== What to work on ==
Please retype the listing below word for word and exclude its images.

== Information shown ==

□ □ □ □

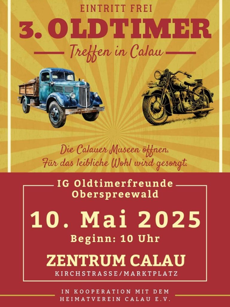Wir haben die großartige Möglichkeit den Stand zum Kuchenverkauf beim Oldtimer Treffen in Calau am 10. Mai 2025 zu betreuen und Spenden zu sammeln.
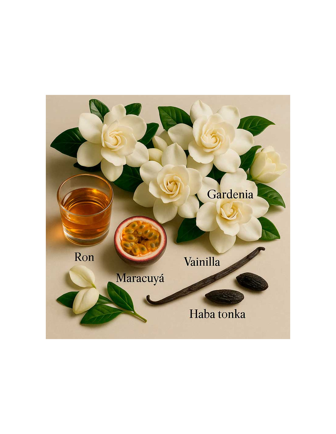 Las notas de salida de maracuyá y ron aportan una dulzura tropical y exótica. En el corazón, una elegante combinación de almizcle, gardenia y almendra amarga añade un carácter floral y almendrado muy refinado. El fondo de haba tonka y vainilla crea una estela sensual y adictiva que envuelve la piel con un aura cálida y seductora.
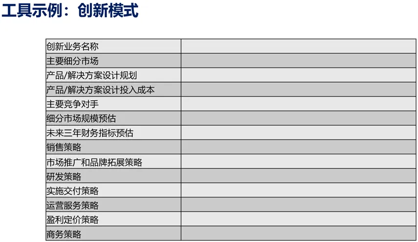 3、创新模式:把创新作为战略思考的焦点,目的是为了获取更多的思路和经验。你准备怎么做,从哪里着手。
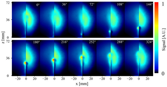 Figure 7 displays the phase-averaged CH2O- and SO2-PLIF measurements from flames with 80% FMFRF at a mean fuel mass flow rate of 0.142 g/s. Ten phases during one acoustic period are displayed with an interval of 36°, corresponding to a 250 μs separation. Phase 0° is the time when the fuel is injected into the combustion chamber. A bulge of CH2O-PLIF signal was formed at the chamber entrance and spread downstream periodically. The area and intensity of the bulge both increased as the phase increased. The phase-average distribution of the SO2-PLIF signal remained basically unchanged, with tiny alterations along the central axis, which was far from the heat release zone denoted by OH*-CL distribution demonstrated in Figure 5, indicating that the influence of FMFRF was local and did not alter the global flame directly. Until phase 252°, the boundary of the CH2O bulge perfectly complemented the SO2-PLIF signal. After that, these two signal distributions overlapped in the downstream area because the SO2-PLIF distribution was broader than the reaction zone [51,64]. The CH2O- and SO2-PLIF signal intensities were visible near the fuel outlet axially and radially, indicating a quick temperature rise.
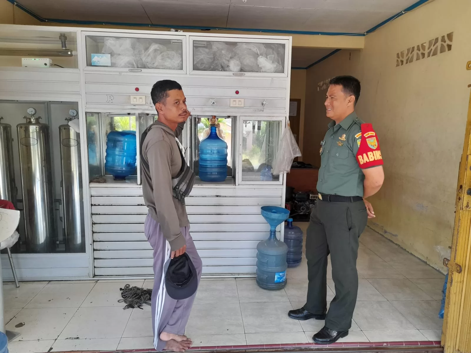 InfestigasiMabes.com | Bangka barat - Babinsa koramil 431-02/Mentok Serda Pahrizal melaksanakan komsos dengan warga desa Air putih Kec. Mentok, dengan melaksanakan silaturrahmi dengan Bapak Anton yang mempunyai Usaha Mikro Kecil dan Menengah (UMKM), yaitu Depot Air Minum isi ulang yang ada di Desa Air putih. Rabu, (09/08/2023)
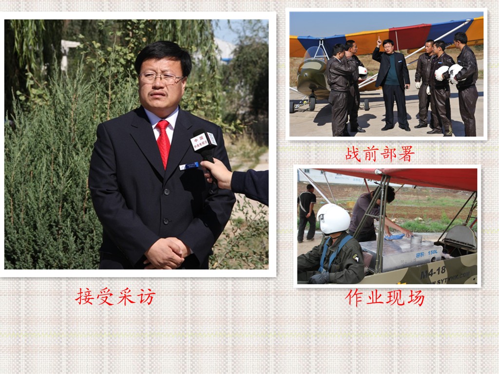 ,而是毅然決然的走上里一條充滿艱辛的打拼之路,在別人笑之為天方夜譚的情況下,1999年四處投親靠友籌集資金從北京航空航天大學購進了一架蜜蜂4超輕型飛機,與此同時它成就了內蒙古自治區第一個私人擁有飛機的人,飛機有了,他東奔西走,開始學習、探索、研究制作超輕飛機飛機播種和飛機滅蟲設備,經過4年的反復試驗,終于在2003年設備試驗成功,但沒有相關手續私人飛機不允許私自飛行,于是成立航空公司的想法在心中勾畫,他開始了中國第一家超輕型飛機通用航空公司的籌建工作,一己之力不可成江河,于是他伙同一直支持他的妻子四處請專家、找能人,終于在2006年經過三年努力國家民航華北地區管理局為其頒發了通用航空公司籌建許可證,于是他又四處籌措資金,投入到籌建工作之中,2008年六月經民航華北地區管理局驗收合格并頒發通用航空運營許可,與此同時他的飛機播種、飛防滅蟲兩項實用新型專利獲得通過,國家知識產權局頒發了實用新型知識產權證書。(鏡頭七)設備特寫(包括專利證書)邱志剛一個不屈不撓的東北漢子,在平凡的人生道路上創造了不平凡的業績,創造了不平凡的人生價值。創造了人生的豪邁與神奇。
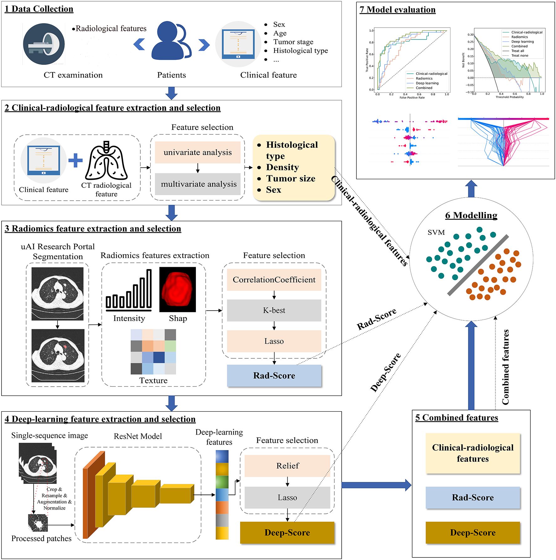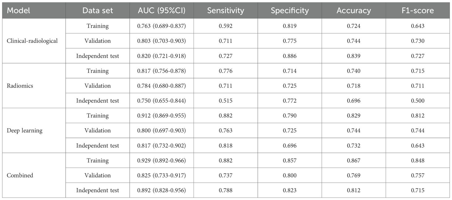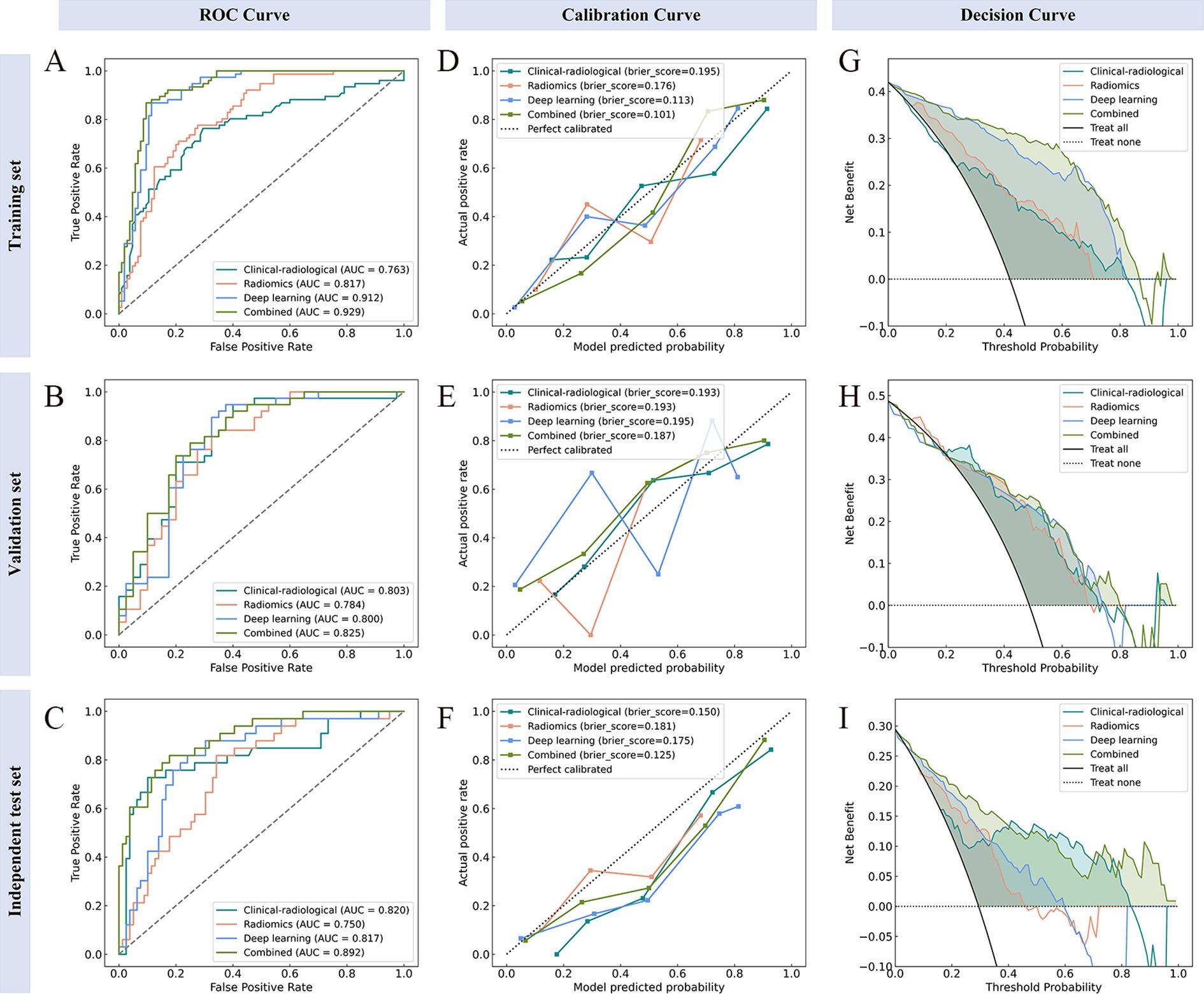 All modeling was conducted within the uAI Research Portal using the open-source Scikit-learn library (Scikit-learn 0.23.2). To ensure a fair comparison of predictive performance across feature modalities, clinical-radiological (based on independent clinical-radiological features), radiomics (using rad-score), and deep learning (using deep-score) models were developed with a uniform support vector machine (SVM) classifier. SVM is well-suited for handling high-dimensional data and potential non-linear relationships. For the combined model integrating clinical-radiological features, rad-score, and deep-score, the SVM classifier was compared against four other algorithms: Decision Tree, Random Forest, XGBoost, and Logistic Regression. The SVM demonstrated better performance on the validation set (Supplementary Table S1) and was consequently selected. All models were optimized for hyperparameters via grid search, with the specific parameters detailed in Supplementary Table S2.

□ □ □ □

== Solution below ==
Wir haben die großartige Möglichkeit den Stand zum Kuchenverkauf beim Oldtimer Treffen in Calau am 10. Mai 2025 zu betreuen und Spenden zu sammeln.
 Las notas de salida de maracuyá y ron aportan una dulzura tropical y exótica. En el corazón, una elegante combinación de almizcle, gardenia y almendra amarga añade un carácter floral y almendrado muy refinado. El fondo de haba tonka y vainilla crea una estela sensual y adictiva que envuelve la piel con un aura cálida y seductora.
 3、创新模式:把创新作为战略思考的焦点,目的是为了获取更多的思路和经验。你准备怎么做,从哪里着手。
 Figure 7 displays the phase-averaged CH2O- and SO2-PLIF measurements from flames with 80% FMFRF at a mean fuel mass flow rate of 0.142 g/s. Ten phases during one acoustic period are displayed with an interval of 36°, corresponding to a 250 μs separation. Phase 0° is the time when the fuel is injected into the combustion chamber. A bulge of CH2O-PLIF signal was formed at the chamber entrance and spread downstream periodically. The area and intensity of the bulge both increased as the phase increased. The phase-average distribution of the SO2-PLIF signal remained basically unchanged, with tiny alterations along the central axis, which was far from the heat release zone denoted by OH*-CL distribution demonstrated in Figure 5, indicating that the influence of FMFRF was local and did not alter the global flame directly. Until phase 252°, the boundary of the CH2O bulge perfectly complemented the SO2-PLIF signal. After that, these two signal distributions overlapped in the downstream area because the SO2-PLIF distribution was broader than the reaction zone [51,64]. The CH2O- and SO2-PLIF signal intensities were visible near the fuel outlet axially and radially, indicating a quick temperature rise.
 InfestigasiMabes.com | Bangka barat - Babinsa koramil 431-02/Mentok Serda Pahrizal melaksanakan komsos dengan warga desa Air putih Kec. Mentok, dengan melaksanakan silaturrahmi dengan Bapak Anton yang mempunyai Usaha Mikro Kecil dan Menengah (UMKM), yaitu Depot Air Minum isi ulang yang ada di Desa Air putih. Rabu, (09/08/2023)
 ,而是毅然決然的走上里一條充滿艱辛的打拼之路,在別人笑之為天方夜譚的情況下,1999年四處投親靠友籌集資金從北京航空航天大學購進了一架蜜蜂4超輕型飛機,與此同時它成就了內蒙古自治區第一個私人擁有飛機的人,飛機有了,他東奔西走,開始學習、探索、研究制作超輕飛機飛機播種和飛機滅蟲設備,經過4年的反復試驗,終于在2003年設備試驗成功,但沒有相關手續私人飛機不允許私自飛行,于是成立航空公司的想法在心中勾畫,他開始了中國第一家超輕型飛機通用航空公司的籌建工作,一己之力不可成江河,于是他伙同一直支持他的妻子四處請專家、找能人,終于在2006年經過三年努力國家民航華北地區管理局為其頒發了通用航空公司籌建許可證,于是他又四處籌措資金,投入到籌建工作之中,2008年六月經民航華北地區管理局驗收合格并頒發通用航空運營許可,與此同時他的飛機播種、飛防滅蟲兩項實用新型專利獲得通過,國家知識產權局頒發了實用新型知識產權證書。(鏡頭七)設備特寫(包括專利證書)邱志剛一個不屈不撓的東北漢子,在平凡的人生道路上創造了不平凡的業績,創造了不平凡的人生價值。創造了人生的豪邁與神奇。
 All modeling was conducted within the uAI Research Portal using the open-source Scikit-learn library (Scikit-learn 0.23.2). To ensure a fair comparison of predictive performance across feature modalities, clinical-radiological (based on independent clinical-radiological features), radiomics (using rad-score), and deep learning (using deep-score) models were developed with a uniform support vector machine (SVM) classifier. SVM is well-suited for handling high-dimensional data and potential non-linear relationships. For the combined model integrating clinical-radiological features, rad-score, and deep-score, the SVM classifier was compared against four other algorithms: Decision Tree, Random Forest, XGBoost, and Logistic Regression. The SVM demonstrated better performance on the validation set (Supplementary Table S1) and was consequently selected. All models were optimized for hyperparameters via grid search, with the specific parameters detailed in Supplementary Table S2.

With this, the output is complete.